The military uses a lot of unique terminology, some of which bleeds into the civilian world. Words like "bikini," "sideburns" and "head honcho" all got their beginnings in military service. Even phrases like "face the music" and "cut and run" came from the military.

For years and decades, service members have used common terms for gear and places that have just always been called what they're called. But even the names of these everyday aspects of military life had to evolve from some place in history.

Here are a few of those word origins.

1. Barracks

The word "barracks," used to describe where military personnel are housed, has two potential origins. The first dates back to the 1500s, when Spanish soldiers called their tents barraca, which is today the word for small shacks usually used by workers.

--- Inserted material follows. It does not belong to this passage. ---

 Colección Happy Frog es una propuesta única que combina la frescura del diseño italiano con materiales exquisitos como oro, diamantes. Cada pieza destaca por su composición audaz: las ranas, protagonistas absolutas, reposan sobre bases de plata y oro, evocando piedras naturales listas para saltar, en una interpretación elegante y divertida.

Another likely candidate is from the French region of Brittany. Until the 1530s, Brittany was semi-autonomous inside France, and Breton troops used to ridicule foreign soldiers for their foreign customs. Breton soldiers ate dark bread, while others ate whiter loaves. Bretons ridiculed them with the name baragouin, or "white bread." It quickly spread to England and on to Australia, where the word barracking is another name for "shouted criticism."

Barracks is also shouted criticism? Sounds about right. (U.S. Navy/Scott Sturkol)

2. Boot Camp

"Boot camp" has always been a uniquely American term. It started its life in the 1890s for Navy and Marine Corps basic training facilities. This is also where the term "boot" to describe a new recruit originated, as new recruits wore new leather leggings during camp. "Boot camp" is simply a training camp for new "boots."

3. Camouflage

From the Italian verb camuffare, the word for concealing something by blending it into its surrounding, camouflage comes from slang used by French thieves. A camouflet, or "puff of smoke," was used by pickpockets who distracted marks with female accomplices. The women, called camouflette, would blow smoke in the mark's face, which was a sexual advance in the late 1800s.

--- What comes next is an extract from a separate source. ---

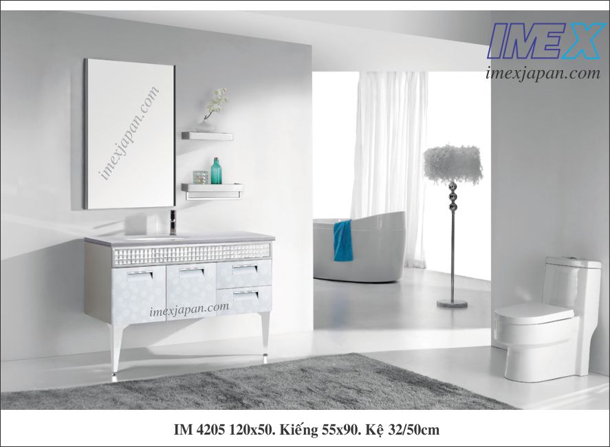 lavabo tủ inox 304, tô sứ tráng nano chống bám bẩn, kiếng 55x90cm, kệ 32/50cm

By the 1910s, British military strategists began using the term "camouflage" to describe any means used to hide men and vehicles from enemy aircraft.

4. Canteen

In the mid-1800s, Italian troops were using the word cantina ("cellar") to describe their dispensaries, which doled out basic needs, booze and cigarettes. Pretty soon, troops began socializing at the cantinas, which expanded to a more communal meeting area where they would drink their purchases.

It wasn't long before the name was attached to the bottles they used to carry water, because the troops were filling the bottles with products purchased from the cantina.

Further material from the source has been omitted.